Reinforcement Training for Leaders

Like our AI models, we trained our leaders with thumbs up and thumbs down.

The Spark

Last night I had a conversation with Zai, my chatbot about the three bad luck incidents that befell Trump at the UN. Somewhat sarcastically I asked Zai: “What’s the big deal, everyone knows that bad luck occurs in threes?”

Zai missed the sarcasm. That took us down a statistical dissertation on urban legends and myths that I will not bore you with unless you ask. And then I asked: Isn’t this out we train AI models?

The Realization

Over time, our leaders’ behavior starts to resemble GenAI. They adapt like reinforcement-learning agents: the environment is the crowd and the media, the rewards are attention, outrage, and money, and their policy shifts to maximize those rewards. Eventually, polite norms disappear—because the loudest, wildest behaviors pay best. Trump is just one vivid example. But the truth is, it’s always been this way. Fictional worlds—from Springfield to South Park—have been showing us the pattern all along.

---

30 Minutes Later: A Simpsons Short

INT. SPRINGFIELD TOWN HALL – DAY

Mayor Quimby steps to the podium, fiddling with his tie.

QUIMBY:

“My fellow Springfieldians, the escalator at the Kwik-E-Mart stopped. Clearly… sabotage!”

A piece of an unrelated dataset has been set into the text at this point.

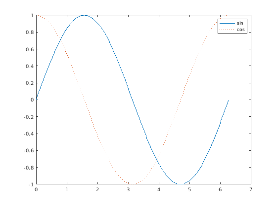 x = 0:pi/100:2*pi; y = sin(x); plot(x,y) hold on y2 = cos(x); plot(x,y2,':') legend('sin','cos') hold off

The crowd gasps. News cameras flash. A “BREAKING NEWS” banner floods Channel 6. Donations pour into a “Save Quimby” jar.

LISA (facepalming):

“He’s just making things up. It’s random malfunctions.”

BART (grinning):

“Yeah, but watch what happens.”

Quimby eyes the jar, smirks, and tries again.

QUIMBY:

“And then the teleprompter! Also sabotage! Triple sabotage!”

The jar overflows. The crowd roars. The chyron blinks “EXTRA BREAKING NEWS.”

CUT TO – A giant Skinner box in the corner. Quimby scrambles inside, hammering a lever labeled “OUTRAGE.” Each press drops cheese into his mouth as the town cheers like it’s a pep rally.

LISA (deadpan):

“We trained him. He’s just doing what works.”

HOMER (clapping):

“Mmm… cheese pellets. Wish I got rewards for yelling nonsense!”

MARGE (concerned):

“Homer, you do. Every day.”

Cue laugh track. Credits roll over Quimby furiously pounding the lever.

---

Conclusion

Lisa’s words hang in the air: we trained him. Leaders don’t emerge from nowhere—they mirror the feedback we give. If outrage and chaos get the biggest rewards, that’s what we’ll get more of. Maybe the challenge isn’t asking why they behave this way, but asking why we keep paying them in cheese pellets. If we want better leaders, we need to train them better.